How not to get shortlisted

Writing applications is a tedious and tiring process – it can often feel like a full-time job in itself.  Green road sign with a isolated white background.As a Job Search Adviser here at Warwick, I have seen hundreds of CVs, cover letters and application forms so have some insight into how it must feel to be a recruiter. Make their job easy by giving them reasons to select, not reject, you.  These are some of the common mistakes applicants make that can often cost them progression to the next round of the recruitment process.

1.    Writing a shopping list

In an effort to ‘get this over with’, many applicants start listing verbatim their skills and experiences in the hope that employers will grasp the connection between these and the job criteria. Employers, however, are busy people and will not waste time trying to infer meaning or spot the relevance.  Nor will they start musing on the candidate’s potential – if you haven’t given them something concrete to go on, the chances are you’ll end up on the reject pile.  Unless you clearly state how your experience fits with and adds value to the organisation, don’t expect employers to fall over themselves with glee.

 2.    Taking the spam approach

You may think that sending countless applications will save you valuable time and create more opportunities for success.  But there’s no obvious  correlation between the number of applications you send and the success rate.  In fact this strategy can often backfire. Employers are looking for (demonstrable) potential combined with genuine interest in their company and its mission or vision. Firing off applications that vaguely cover the job criteria are unlikely to impress. Taking the time to showcase  both your motivation and suitability,does not allow for a scattergun approach. If you’re firing off hundreds of applications or uploading your CV to numerous job boards, you’re selling yourself short. You need to choose: quantity or quality. You can’t have both!

3.    Researching then regurgitating

Some applicants go from one extreme to the other; from no research to regurgitating everything conceivable about the sector, company, role, MD etc etc.  In principle this seems a pretty solid approach: after all, recruiters want to see you’ve taken the time to understand what they do. But in practice too much can be as detrimental as too little. Employers are not (generally) interested in your forensic research skills – well, unless that’s part of the job criteria. What they’re  looking for is evidence that you’d  be a good match and would fit with the company ethos and culture. They don’t want to read about every single deal they’ve cut or merger they’ve initiated.
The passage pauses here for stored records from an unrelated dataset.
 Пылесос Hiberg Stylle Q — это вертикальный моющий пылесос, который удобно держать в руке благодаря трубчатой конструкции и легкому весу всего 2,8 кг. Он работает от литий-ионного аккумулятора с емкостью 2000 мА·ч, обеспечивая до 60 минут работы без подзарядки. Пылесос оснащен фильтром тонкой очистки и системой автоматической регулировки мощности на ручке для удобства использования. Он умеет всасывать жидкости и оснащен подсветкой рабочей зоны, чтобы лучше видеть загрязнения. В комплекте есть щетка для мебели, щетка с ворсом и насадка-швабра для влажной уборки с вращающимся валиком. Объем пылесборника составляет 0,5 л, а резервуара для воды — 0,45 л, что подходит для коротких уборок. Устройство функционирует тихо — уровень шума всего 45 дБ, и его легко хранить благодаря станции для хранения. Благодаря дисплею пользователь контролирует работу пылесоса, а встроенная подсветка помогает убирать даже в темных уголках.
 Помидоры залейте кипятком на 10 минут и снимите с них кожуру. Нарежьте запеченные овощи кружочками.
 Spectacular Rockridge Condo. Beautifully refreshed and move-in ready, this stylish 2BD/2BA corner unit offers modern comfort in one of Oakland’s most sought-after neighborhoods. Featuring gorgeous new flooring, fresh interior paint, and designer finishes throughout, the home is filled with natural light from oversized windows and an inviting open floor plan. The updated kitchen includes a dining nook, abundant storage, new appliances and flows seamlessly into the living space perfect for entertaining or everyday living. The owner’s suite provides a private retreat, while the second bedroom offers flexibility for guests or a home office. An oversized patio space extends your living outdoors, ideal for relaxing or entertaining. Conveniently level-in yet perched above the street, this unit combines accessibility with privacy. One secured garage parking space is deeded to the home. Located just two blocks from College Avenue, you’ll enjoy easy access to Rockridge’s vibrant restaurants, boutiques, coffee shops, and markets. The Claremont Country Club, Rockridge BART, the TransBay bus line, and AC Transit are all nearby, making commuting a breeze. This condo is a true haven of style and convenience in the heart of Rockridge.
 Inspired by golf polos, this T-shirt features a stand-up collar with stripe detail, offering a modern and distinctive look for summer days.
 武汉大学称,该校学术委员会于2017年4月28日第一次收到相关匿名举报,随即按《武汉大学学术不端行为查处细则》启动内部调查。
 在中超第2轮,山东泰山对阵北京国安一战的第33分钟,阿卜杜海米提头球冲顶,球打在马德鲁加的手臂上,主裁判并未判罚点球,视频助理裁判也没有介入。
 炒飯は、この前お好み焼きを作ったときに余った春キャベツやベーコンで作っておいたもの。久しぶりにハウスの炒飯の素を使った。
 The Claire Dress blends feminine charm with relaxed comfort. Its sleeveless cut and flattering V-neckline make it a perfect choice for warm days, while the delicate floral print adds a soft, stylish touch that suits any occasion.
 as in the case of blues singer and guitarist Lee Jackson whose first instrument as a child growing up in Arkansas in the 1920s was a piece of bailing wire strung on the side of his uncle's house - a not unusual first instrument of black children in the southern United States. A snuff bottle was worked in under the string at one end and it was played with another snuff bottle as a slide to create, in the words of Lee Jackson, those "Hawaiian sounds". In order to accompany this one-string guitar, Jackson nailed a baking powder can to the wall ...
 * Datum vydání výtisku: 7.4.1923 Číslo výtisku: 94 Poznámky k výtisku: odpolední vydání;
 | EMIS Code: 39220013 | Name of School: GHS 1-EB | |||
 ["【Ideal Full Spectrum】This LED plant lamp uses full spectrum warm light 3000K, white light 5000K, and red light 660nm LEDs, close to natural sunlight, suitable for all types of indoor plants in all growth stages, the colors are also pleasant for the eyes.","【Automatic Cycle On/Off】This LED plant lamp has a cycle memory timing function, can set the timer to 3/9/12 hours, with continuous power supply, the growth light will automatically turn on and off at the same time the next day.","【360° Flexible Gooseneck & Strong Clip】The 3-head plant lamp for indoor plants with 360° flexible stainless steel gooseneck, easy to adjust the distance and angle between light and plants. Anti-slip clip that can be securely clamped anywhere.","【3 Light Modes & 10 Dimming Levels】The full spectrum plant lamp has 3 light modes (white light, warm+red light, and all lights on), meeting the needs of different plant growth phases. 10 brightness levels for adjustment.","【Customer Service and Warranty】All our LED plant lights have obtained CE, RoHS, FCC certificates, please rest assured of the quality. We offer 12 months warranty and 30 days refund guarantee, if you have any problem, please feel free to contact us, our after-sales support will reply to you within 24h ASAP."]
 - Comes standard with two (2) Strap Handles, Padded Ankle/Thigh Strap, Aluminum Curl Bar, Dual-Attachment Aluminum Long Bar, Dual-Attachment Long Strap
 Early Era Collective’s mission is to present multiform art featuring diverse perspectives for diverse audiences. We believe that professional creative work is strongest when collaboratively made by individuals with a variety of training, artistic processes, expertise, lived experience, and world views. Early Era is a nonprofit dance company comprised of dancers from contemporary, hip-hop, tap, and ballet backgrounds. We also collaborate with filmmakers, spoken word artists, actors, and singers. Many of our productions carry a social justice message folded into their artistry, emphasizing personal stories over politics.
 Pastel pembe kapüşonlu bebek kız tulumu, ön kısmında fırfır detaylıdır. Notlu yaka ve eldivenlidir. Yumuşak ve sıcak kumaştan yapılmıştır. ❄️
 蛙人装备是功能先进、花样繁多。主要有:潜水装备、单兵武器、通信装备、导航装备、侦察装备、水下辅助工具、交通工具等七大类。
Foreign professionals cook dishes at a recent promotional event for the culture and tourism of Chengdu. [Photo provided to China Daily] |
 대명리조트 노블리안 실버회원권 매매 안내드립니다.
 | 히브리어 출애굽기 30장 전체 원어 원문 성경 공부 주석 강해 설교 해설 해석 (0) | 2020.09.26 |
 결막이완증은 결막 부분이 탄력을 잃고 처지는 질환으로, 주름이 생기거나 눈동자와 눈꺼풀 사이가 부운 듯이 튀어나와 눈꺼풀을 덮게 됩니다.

Try to personalise your application: what is your personal motivation to join the company? How could you personally add value to the organisation?

4.   Killing content with clichés

‘I am a motivated and hard-working individual with strong drive…’; ‘I am a self-starter with a keen eye for detail…’; ‘I am a great team player…’ Sound familiar? Of course marketability is about ‘talking the talk’ but this approach offers neither style nor substance. In some sectors, the applicant to job ratio is staggeringly high so the name of the game is to stand out. Clichés are both meaningless and lazy. Avoid at all costs. Be factual, be genuine, be original. If in doubt read it aloud – how does it sound? If you cringe, then imagine what an employer will do.

 5.   Waffling on…and on…and on…

Never write 50 words, where 100 will do! This certainly seems to be the mantra of some students. But, remember: employers are time poor – they don’t want to waste what time they have trying to decode endless verbiage.  In an effort to cover everything – and then some –  applicants produce lengthy accounts, often repeating themselves in the process. I’ve seen CVs where chunks of prose cover much of the page – this makes it hard to read and the salient points just get lost. Bear in mind most employers will  scan your CV in seconds and make a judgement based on their first impression. If you can’t be concise and precise, then you might as well throw your CV in the bin.  The same applies to application forms and cover letters – focus on the facts and evidence.

Before you hit send cast a critical eye over your application: does it hit the right notes, or just incite a feeling of zzzz? If in doubt ask a Job Search Adviser to check it for you. Don’t leave anything to chance….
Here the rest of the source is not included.